Pompeo himself also weighed in, tweeting a series of graphics headlined: "Protests in Iran are growing", "Iranian people deserve respect for their human rights", and "Iran's revolutionary guard gets rich while Iranian families struggle" - all of which were translated to Farsi to reach a wider Iranian audience.

"Let me be clear, we are not seeking regime change. We are seeking changes in the Iranian government’s behaviour," a State Department official said in response to questions from Reuters.

"We know we are driving Iran to make some hard choices. Either they can change their ways or find it increasingly difficult to engage in their malign activities," said the official, speaking on condition of anonymity.

"And we believe we are offering a very positive vision for what we could achieve and what the Iranian people could have."

But some of the information being disseminated has been branded by the officials as incomplete or outright distorted.

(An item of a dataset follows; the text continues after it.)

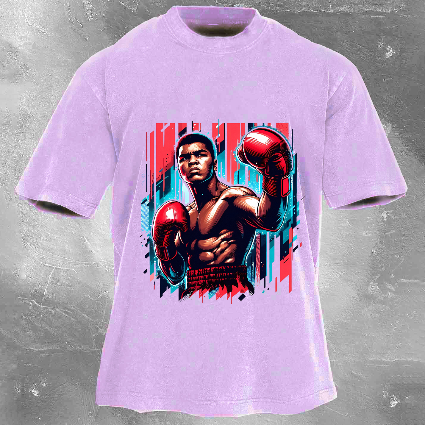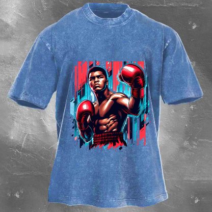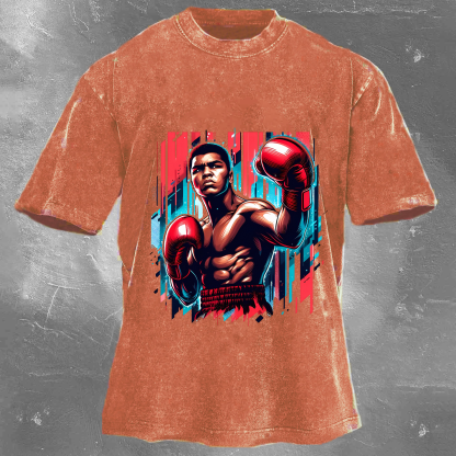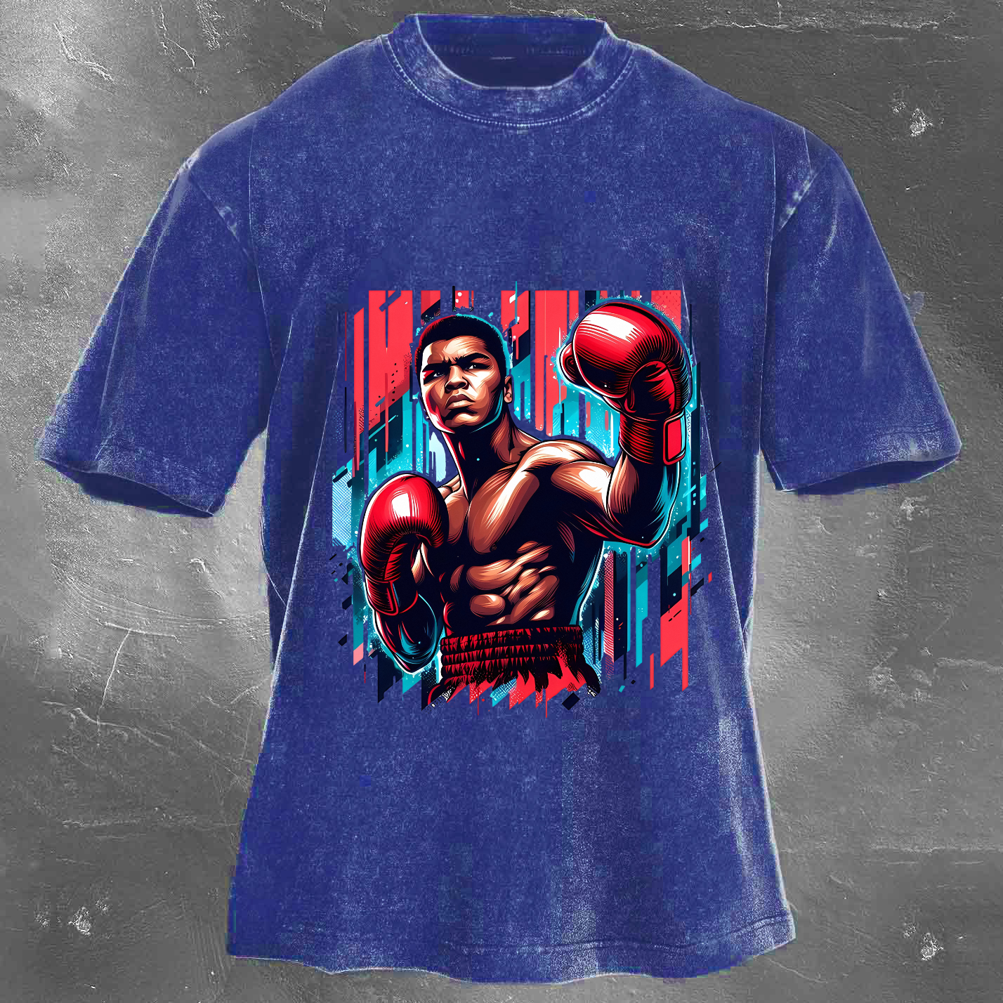 Street Fashion Trend Boxing Champion Pattern Print Unisex Vintage Washed T-Shirt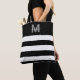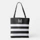 Bolsa de mão com monograma personalizado em elegante preto e branco com listras e script moderno. Adicione um toque de sofisticação e estilo moderno ao seu visual diário com esta bolsa de mão chic. Com uma inicial cinza elegante centrada em um fundo preto nítido, e um monograma de nome em script elegante no topo, esta bolsa é realçada por listras grossas pretas e brancas na parte inferior, adicionando um toque moderno ao design. A combinação de elegância e praticidade torna-a perfeita para carregar itens essenciais para o trabalho, escola ou um dia fora. Ideal para profissionais de negócios, estudantes ou qualquer pessoa que aprecie acessórios elegantes e funcionais, esta bolsa também é um presente atencioso para aniversários, feriados, Dia das Mães ou qualquer ocasião especial. Uma adição polida, funcional e elegante aos seus itens essenciais diários.

In a 21 May speech in Washington, Pompeo claimed Iranian leaders refused to spend on their people funds freed by the nuclear weapons deal, using it instead for proxy wars and corruption in the region. 

But this stands in contrast to a testimony delivered to a US Senate Committee by US Defence Intelligence Agency director, Robert Ashley, who said social and economic expenditures remained Tehran's near-term priority despite some spending on security forces.

Pompeo also accused "Iran-sponsored Shia militia groups and terrorists" of infiltrating Iraqi security forces and jeopardising Iraq's sovereignty throughout the period of the nuclear agreement despite the force's contribution to the liberation of IS-held territories across Iraq.

The State Department official acknowledged that the militias, known as the Popular Mobilisation Forces, are by law part of Iraq's security forces and played a role in countering Islamic State in 2014.

But the large-scale campaign has been dismissed by a senior Iranian official who insisted the US efforts "will fail again".

On Saturday, Iran's Supreme Leader Ayatollah Ali Khamenei said negotiations with the United States are "useless" because Washington does not abide by agreements.

"As I have previously said, we cannot trust in the words of the United States and even in their signature, so negotiations with the United States are useless," Khamenei told a gathering of Iranian diplomats in Tehran. 

"The idea that problems can be resolved through negotiations or relations with the United States is a major error," he added.

Having withdrawn from the landmark 2015 nuclear deal between Tehran and world powers, Washington is determined to isolate Iran and pile on economic pressure with a full reimposition of sanctions, starting in August.

"The US seeks the return of the situation and their status before the (1979 Islamic) revolution in Iran," said Khamenei. 

"They are against the nuclear potential and the power of its (Iran's) enrichment, and its presence in the region."

Iran was a close ally of the US up until the Islamic Revolution in 1979.